# Jet advise needed



## teejay (Jun 12, 2010)

I'm currently in the middle of a jet boat project & I'm rethinking my motor choice. I have a 16'x48" modified vee Landau jon boat that the jet will be going on it weighs roughly 300 empty. I have a 1995 40hp 4cyl Mercury 2cycle with a jet lower unit that is in great condition, but I believe this motor will not have enough power to push the boat the way I would like since it is only 25hp at the jet. I have been thinking about selling this motor and buying something bigger, and have a line on a 1976 75 hp Johnson or a 1984 75 hp Mercury. My main issue with the 40/25 I own is that I don't want to run a bare hull, I would like to put a flat floor over the ribs and a small deck on the front and have myself & 1 or two other people in the boat. I don't need a hot rod, but would like to run about 25mph wide open loaded and around 30mph with just me and a light load, and cruise around 20mph easily. Does anyone have a combo similar to any of theses and how does it perform ? Thanks.


----------



## Codeman (Jun 14, 2010)

Man I don't know you should be able get 25 out of her I would think. I have an 18x48 (see my sig) with a 76 Merc 50 (used and abused) and since I've decked it have gotten 23mph out of it on a good day by myself. That late a model of motor should be quite a bit better off than my old lump. I'd give it a shot before I spent a ton of extra money. Just my opinion.


----------



## teejay (Jun 14, 2010)

I think I'm going to put it together & try it, if it doesn't work I will probably sell the whole package to buy a new commercial boat to put a larger motor on so I can get around the horsepower rating. I just bought another jet pump for a older inline 6 mercury, because it was dirt cheap. Thanks for the help.


----------



## Codeman (Jun 15, 2010)

teejay said:


> I think I'm going to put it together & try it, if it doesn't work I will probably sell the whole package to buy a new commercial boat to put a larger motor on so I can get around the horsepower rating. I just bought another jet pump for a older inline 6 mercury, because it was dirt cheap. Thanks for the help.
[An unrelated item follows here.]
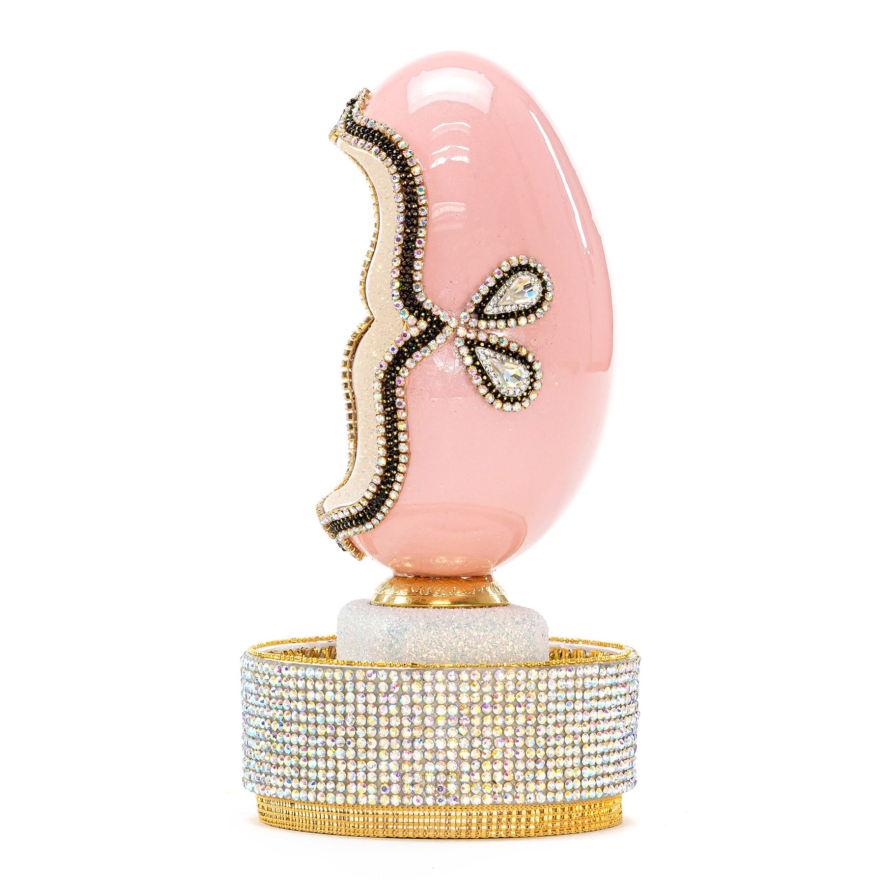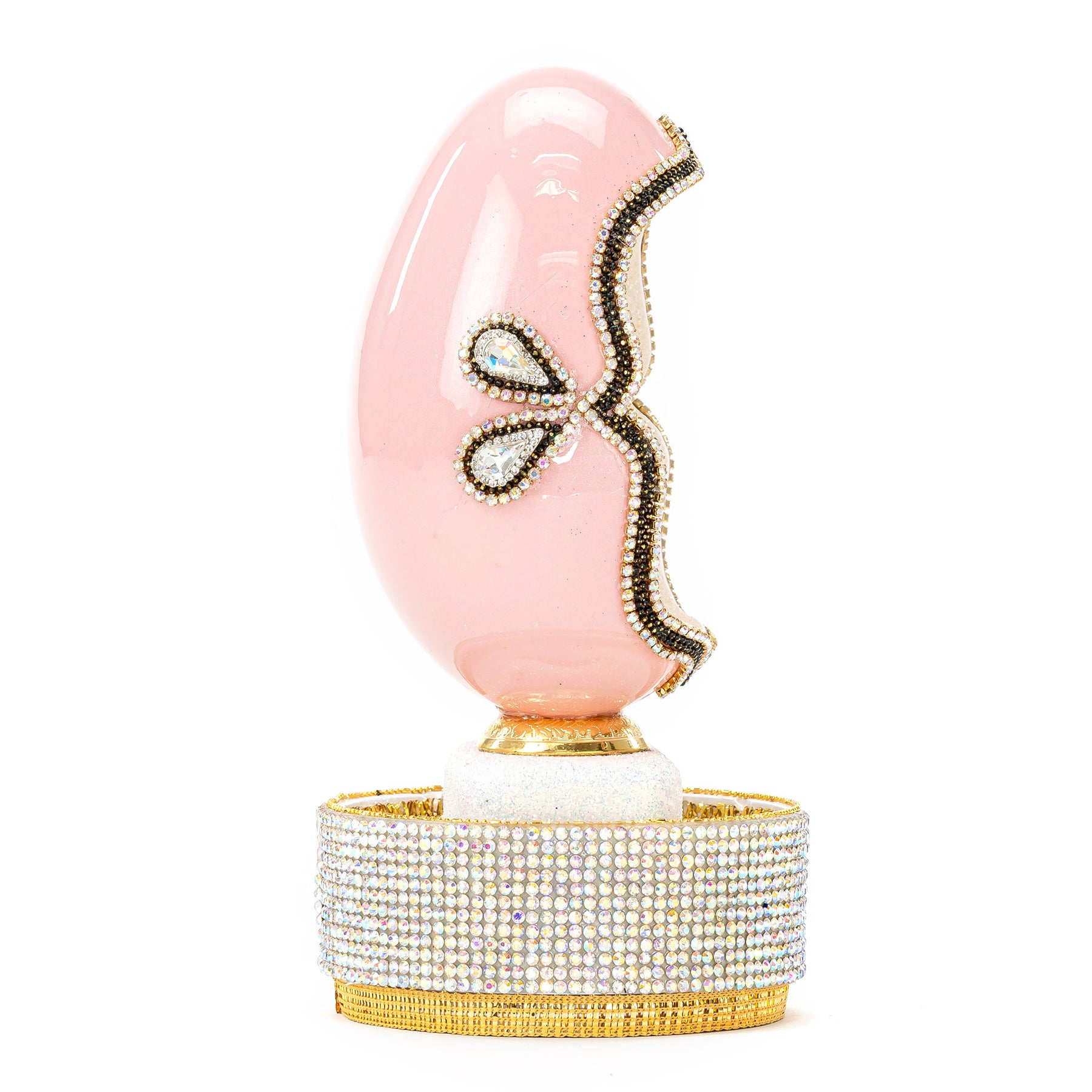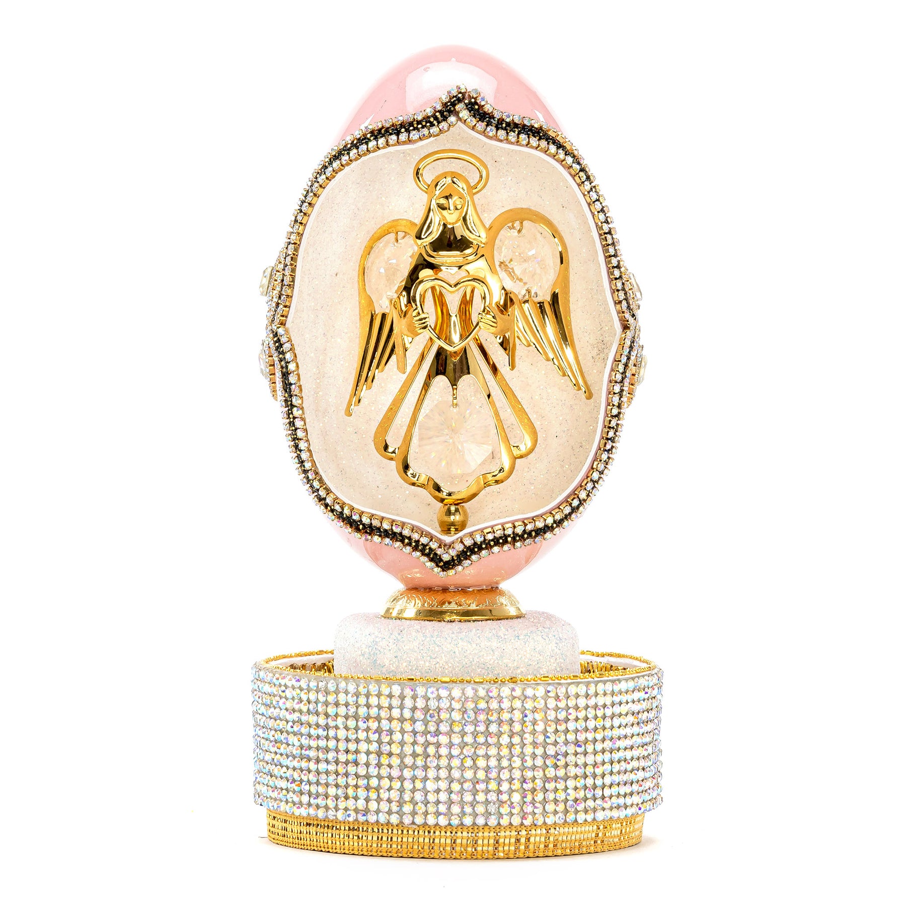 This beautiful goose egg is perched on a delicate crystal stand. The angelic figure inside the egg is delicately detailed and the whole piece is finished in a radiant pink hue. The egg is musical and plays a soft tune when wound. A perfect addition to any art collection, this exquisite piece is sure to be a cherished heirloom.

I'd love to have an inline 6 with a pump on it. I like the old Mercs.


----------



## fender66 (Jun 15, 2010)

Teejay,

I'm running a 1648 alweld flat bottom jon with a 40 hp Yamaha jet that's 1986. I can get it up on plane, but when I load her down I'm always wishing I had a 60/40 behind me. Part of this is the "always wanting better" syndrome though. My 40 does okay, and I think I'll be fine on some of the other rivers that I want to hit soon. A couple weeks ago, I had it loaded with my wife and 2 daughters and dog so I could show off how much fun it is. I didn't get any fishing in, but they had a good time just going for a boat ride.

I don't think your "V" bottom will run as shallow as my flat, but I don't have much experience with V bottoms.

I have modded my ride with aluminum floor and am in the process of doing the sides and rear deck. I bought it with a front deck made out of stainless that is pretty heavy, and I might redo that over the winter months. (pics of mod still coming)

I bought my boat in late December of last year and take it out every chance I can. I know it's not much yet, but I'm certainly adding time to it most every weekend.

You list yourself as being in eastern Missouri....the eastern coast of Missouri is pretty long. Any chance you are around St. Louis? Maybe we could swap some info to help us both get where we want to go. I've found the BEST service that I could possibly find for jet motors in the Midwest already and would be happy to share any info that I have with you (or anyone for that matter).


----------



## Codeman (Jun 15, 2010)

fender66 said:


> I don't think your "V" bottom will run as shallow as my flat, but I don't have much experience with V bottoms.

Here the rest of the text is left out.